Another significant number is seven. How many sevens in the Bible can we think of? The first and most obvious is the seven days of creation. No animal could be sacrificed until it was seven days old. There are seven “I am’s” in the Gospel of John that Jesus used when He spoke of Himself. Jesus mentions seven woes (or judgments) on the unrepentant in Matthew 23. In Revelation there were seven letters to the seven churches in the Book of Revelation and there were also seven trumpets announcing judgments by God in the Book of Revelation. We are to forgive people seventy times multiplied by… seven. Joshua and Israel marched around Jericho seven times while seven priests blew seven trumpets before the walls came crashing down. Elisha told the military commander Naaman to bathe in the Jordan River seven times and he would be healed of his leprosy. There are plenty more sevens that I was not aware of at all.

How about forty? What are some forties that you remember from the Bible? One of them should be easy – Jesus went into the wilderness for forty days and prayed and fasted. So did Elijah and Moses. The Israelites wandered in the desert for forty years. The rains that brought about the Great Flood lasted for forty days. In the Old Testament, forty years is considered a generation. Goliath taunted Israel for forty days before David

defeated him. Just like with threes and sevens, there are still more forties that we could mention.

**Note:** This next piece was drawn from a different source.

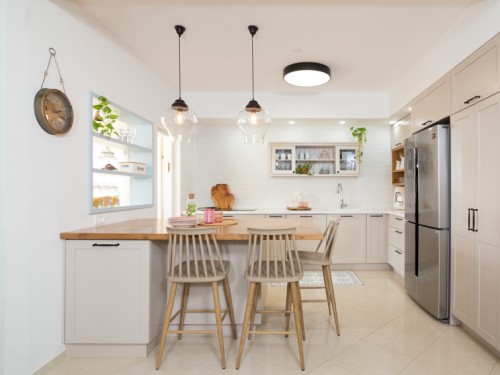 דירת חמישה חדרים בנתניה עוצבה בצבעים שקטים ובשילוב חומרים טבעיים כאשר המטבח נתן את הטון לבית כולו

This is the first Sunday in Lent. Lent is a period that lasts how long? Forty days, not counting Sunday. The word “lent” comes from an Anglo-Saxon word that meant “spring”, and the forty days of Lent are a symbolic reenactment of the forty days Jesus spent in the wilderness and that we read about just a little while ago. The reason that Sundays don’t count in the forty days of Lent is that each Sunday represents kind of a mini Easter in anticipation of the resurrection to come. Sunday is a special day all on its own aside from Lent.

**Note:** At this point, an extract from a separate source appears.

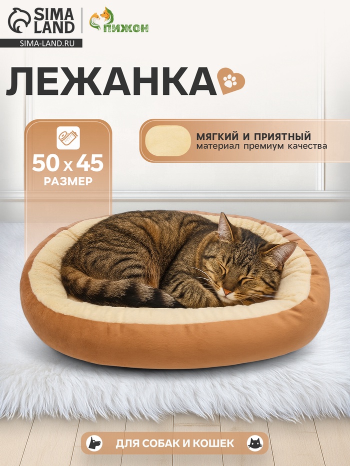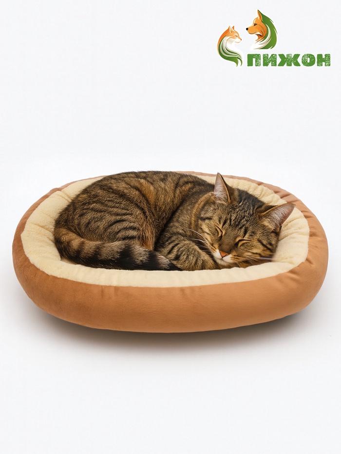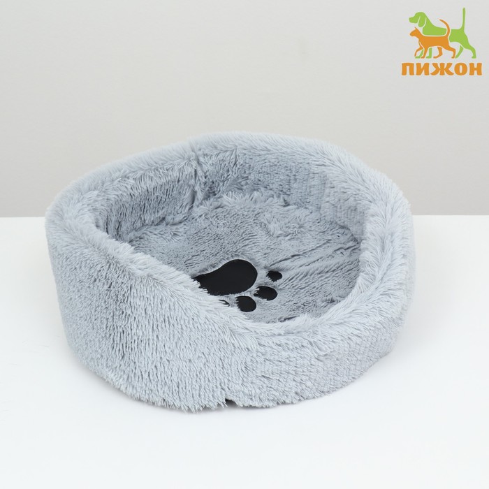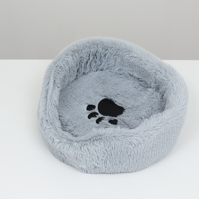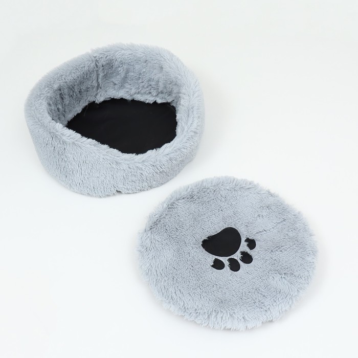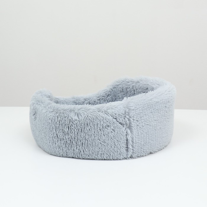 Лежанка для животных, с подушкой, мех, сатин, периотек, 40×40×16 см, серая 9 фото

A lot of times people give up something for Lent. Sometimes it’s something they enjoy eating or drinking or doing but they want to give it up as a way to discipline themselves. Chocolate is something that a lot of people give up. Sometimes it’s television, or social media. I once gave up French fries for Lent, and I made it. I had no French fries for the forty days plus Sundays, and I survived. Somehow.

Today’s theme in our series of Lenten services is “In the Wilderness” and encourages us to think about facing temptation. There are a couple of examples from the forty list we had earlier of being in the wilderness, literally, and both of those involved facing temptation.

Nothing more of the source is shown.